Hacking Europe: From Computer Cultures to Demoscenes

Edited by Gerard Alberts and Ruth Oldenziel. London: Springer-Verlag, 2014. 277 pp. $109.99 (hardback). ISBN 978-1-4471-5492-1.

Hacking Europe expands our understanding of information and culture in two ways. First, the book offers a set of rich case studies from European authors who draw on German, Dutch, Greek, Polish, Czech, British, Finnish and Yugoslav experiences and perspectives that significantly counter the too-often-prevalent Anglo-American bias. Second, with its focus on computer hackers and gamers forming powerful and consequential user groups, the book significantly extends our understanding of countercultural influences on computing. It is a necessary complement to earlier U.S.-centric treatments by John Markoff and Fred Turner.

The conceptual key to this book is the concept of appropriation, which European scholars have effectively used to highlight the agency of non-dominant groups in technology development. In two earlier books, Ruth Oldenziel fruitfully employed the concept to understand European experiences with American domestic technology as well the impact of non-elite actors on the social processes and cultural meanings of European integration.[i] Her partnership here with computer historian Gerard Alberts is a welcome one since computing has typically been approached from producer-centered perspectives and, even when users have been considered, rarely with the degree of theoretical sophistication employed here.

The take-home is this: Europeans did not passively adopt personal, home, gaming, and early networked forms of computing, even when the artifacts (hardware and software) came straight from the United States; rather, there was a creative, open-ended process of appropriation in which “cultural scripts” interacted with varied social and political movements. Chapters in this book make three distinct contributions.

Several chapters present “surprising” stories of European or British commercial successes in computing that upend the habit of conceiving computing as an American story. Sinclair’s thriving personal computing venture in 1980s Britain, the subject of Thomas Lean’s well researched chapter, may even have led to “the highest level of computer ownership in the world” (49) owing to its entry model’s rock-bottom price of £99 (or around $175). Lean concludes with a brief discussion of the company’s measured success in the U.S. market. Another surprise is Yugoslavia. The country’s active mainframe computing created a network of research institutes and wide-ranging computing savvy. Its healthy consumer economy, coupled with a supportive alternative music and cultural network, led to massive importing of home and personal computers and a vibrant “home brew” computing scene. Early home computers often stored data and programs on cassette recordings as did the Yugoslav-designed “Galaksija” or Galaxy computer, home built from kits by some 11,000 people (and later more conventionally mass produced). Radio Beograd took the next step and scheduled radio broadcasts announcing a chosen computer program and platform (Galaksija, ZX Spectrum, Commodore 64), when at the appointed time “the ready listeners could then turn on their recording equipment and record the computer program” (123). Users sent in their own programs to the radio broadcast.

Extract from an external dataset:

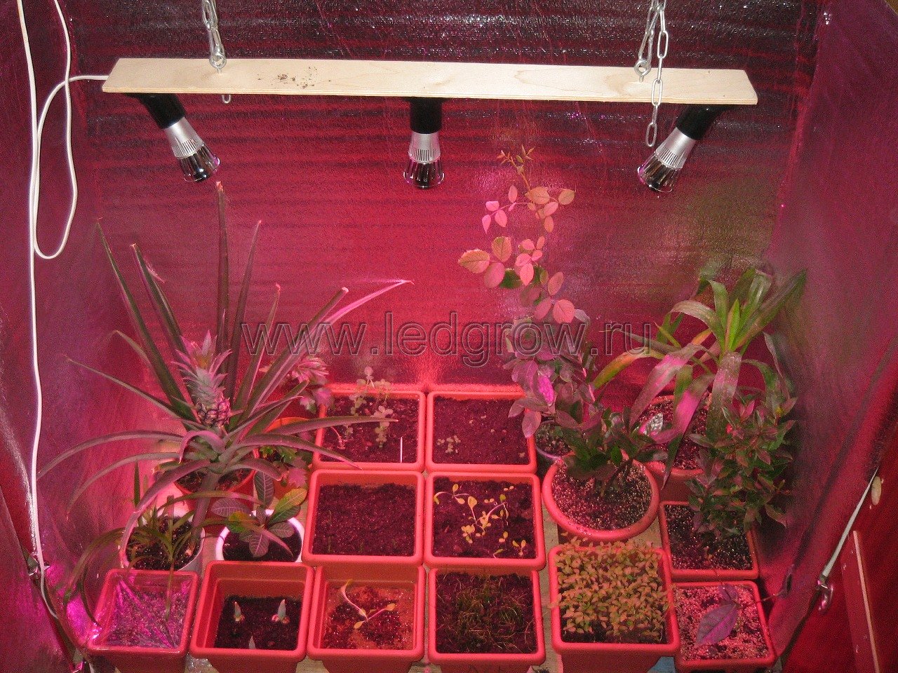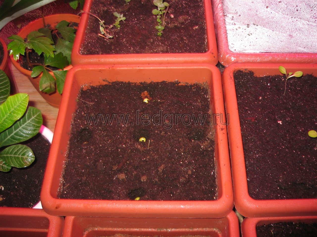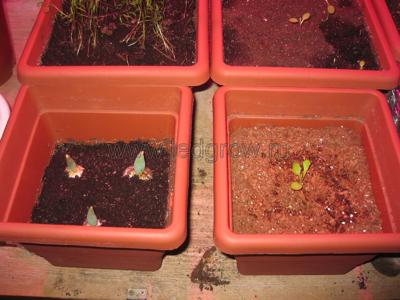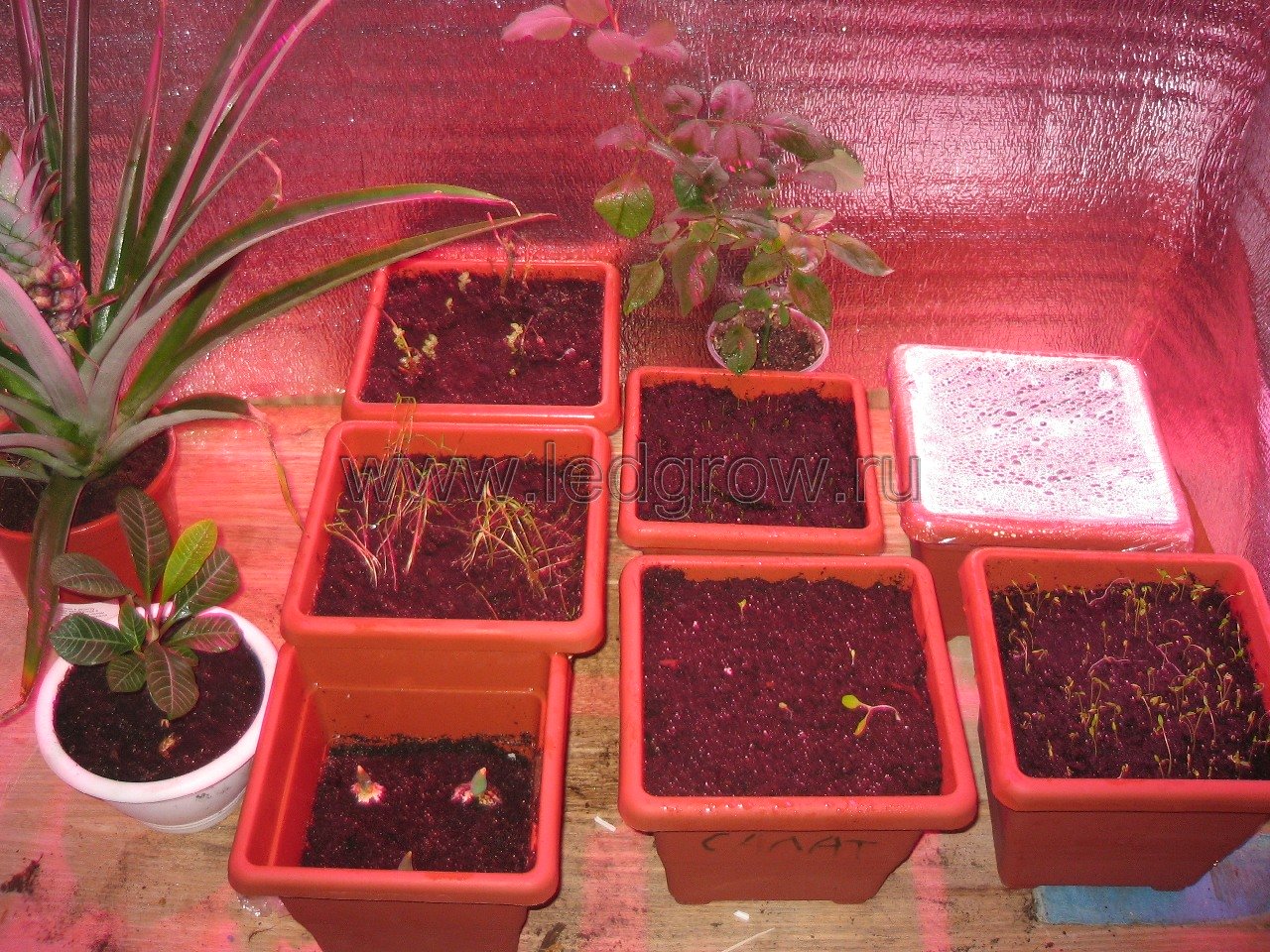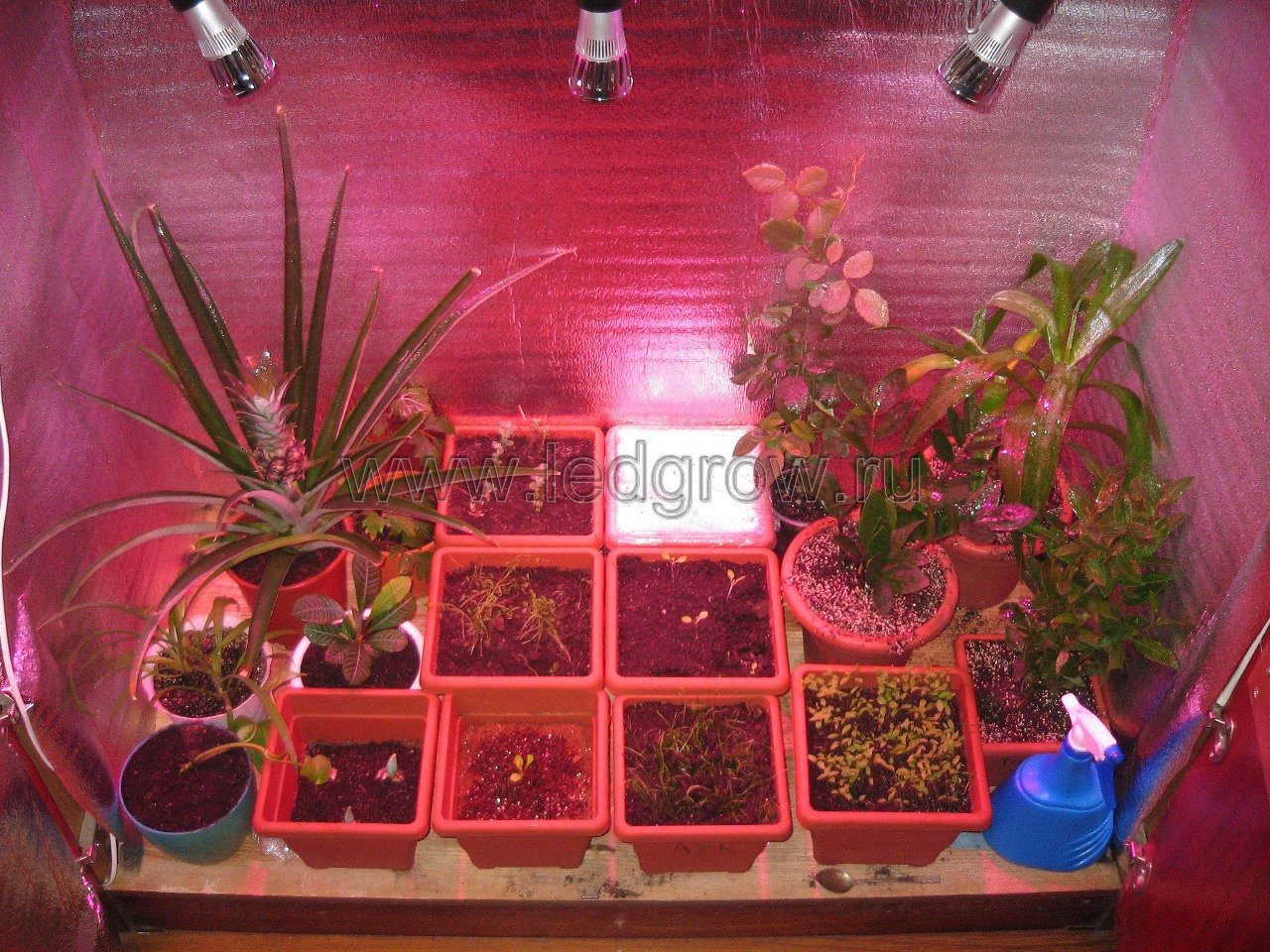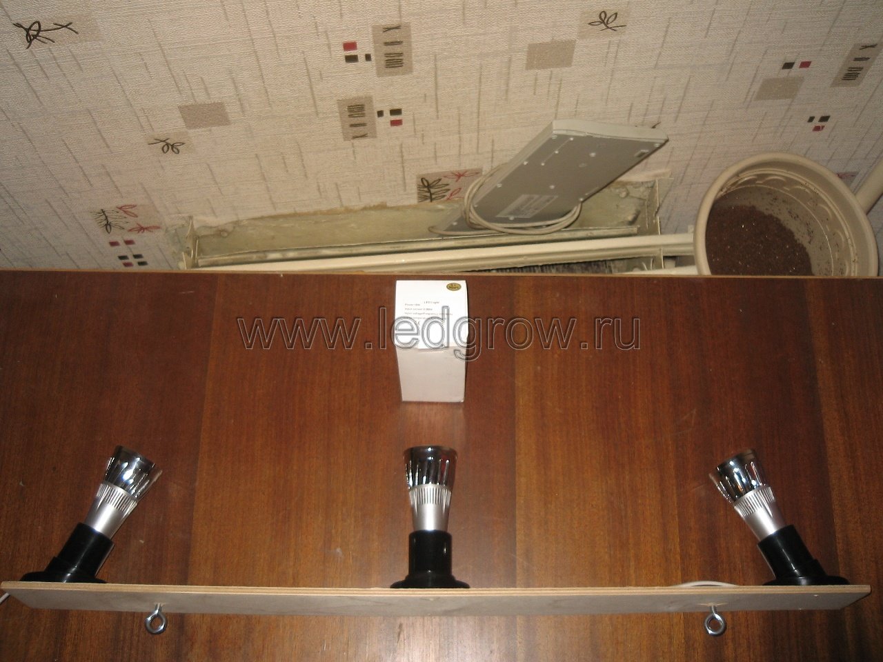 Ledgrow Опубликовано 14 марта, 2010 Жалоба Поделиться Опубликовано 14 марта, 2010 Всех приветствую в моем втором репорте посвященном светодиодам, пожалуйста отметьте для себя заранее, я ничего не продаю и ничего не навязываю мы не страдаем от недостатка клиентов, я просто показываю потенциальные возможности использования светодиодов в домашних условиях и по возможности отвечаю на возникающие вопросы, где вы будете их покупать и будете ли покупать вообще мне все равно, поэтому очень Вас прошу удержаться от нападок в мою сторону по этой теме и прежде чем что то критиковать сделайте лучше меня или хотя бы так же, заранее благодарю за понимание :) Предмет исследования. Особенности GrowSprout. Низкое энергопотребление — лампочка использует только 15 Вт. Минимальная рабочая температура — растения не пострадают даже при полном контакте с лампой. Универсальность — тип цоколя Е-27. Срок службы до 100.000 часов. Безвредный для Вас и окружающей среды. Применение GrowSprout: Дополнительное или основное освещение рассады и клонов. Основное освещение области 15×15 см. Дополнительное освещение растений совместнос металлогалойдной или натриевой лампой для увеличенияурожайности и скрости роста. Характеристики. • Освещаемая площадь до 4 кв. метров* • Тип цоколя Е-27. • Срок службы до 100.000 часов*. • Номинальное напряжение: 220-240V 50Hz. • Макс. мощность: 15W. • Световая мощность: 2250Лм. • Источник света: LED мощностью 1 Вт • Цвет: Красный & Синий (7:2) • Длина волны: Красный - 660 нм, Синий цвет - 450 нм • Рабочая температура: -20°c ~ +50°c • Угол освещения: 120 ° • Размер: 17.5×6 см • Вес: 0,25 кг *данные производителя. Условия выращивания: Шкаф платяной обыкновенный, отражающее покрытие пленэкс, дополнительная вентиляция отсутствует (естественный приток из щелей) Высота - 150 Ширина - 110 Глубина - 60 Площадь - 0.66м2 Задачи:Определить достаточно ли 45 Вт. для освещения площади в 0.66м2 и полноценного существования и развития светолюбивых растений. Цели: Обеспечить себя свежей зеленью, удовлетворить потребности светолюбивых растений в достаточном освещении в осенне-зимний период, реанимировать измученные или больные растения в случае необходимости. Цитата Ссылка на комментарий Поделиться на другие сайты Поделиться

Many of the chapters touch on the key role played by “alternative” cultural movements or “scenes” in creating supportive networks and institutions for personal, home, or early networked computing. Some of these networks were assertively local, such as the Warsaw computer bazaar. But many were impressively transnational such as the video-graphics demo scene, which, according to Antti Silvast and Markku Reunanen, “flourished mostly” in western and northern Europe (152) and not elsewhere. And the Amsterdam-based Digital City movement interacted deeply with squatters, AIDs activists, and Eastern European computing networks. Several authors even raise the question whether a U.S.-style “counterculture” was necessary for personal or home computing. Theodoros Lekkas points to an “open” culture in Greece while Thomas Lean emphasizes the distinctive educational culture in the U.K.

However, not all of these prominent experiments persisted. Some, such as the Czech-based Ronja network using homebuilt infrared roof-top routers, were overtaken by cheaper or easier to use technologies. Dutch development of a computer programming “Esperanto” with Basicode, as well as local manufacturing by Philips and Tulip, eventually gave way to the Wintel monopoly. Amsterdam’s Digital City received periodic state subsidies over two decades. More ominous was the overt criminalization of alternative “scenes,” software sharing, or public-minded computer hacking, the subject of an incisive chapter on Germany by Kai Denker who discusses how the “shift from [German] hackers being some kind of consumer protection activists to becoming criminals occurred in a surprisingly short space of time” in the mid-1980s (168).

An attentive reading of this book yields rich insights into the varieties of countercultures as well as the varieties of European computer users. Ultimately, it offers a compelling view of the complex interactions of information and culture. An excellent introduction by the editors frames the issues, periodic illustrations enliven the text, and the extensive bibliography is a treasure trove for further research. Sadly, the index is deficient. Prospective readers might investigate a library subscription to SpringerLink for an affordable print-on-demand copy.

Thomas J. Misa, Charles Babbage Institute, University of Minnesota

 

[i]See Ruth Oldenziel and Karin Zachmann, eds., Cold War Kitchen: Americanization, Technology, and European Users (MIT Press, 2008); and Ruth Oldenziel and Mikael Hård, Consumers, Tinkerers, Rebels: The People Who Shaped Europe (Palgrave Macmillan, 2013).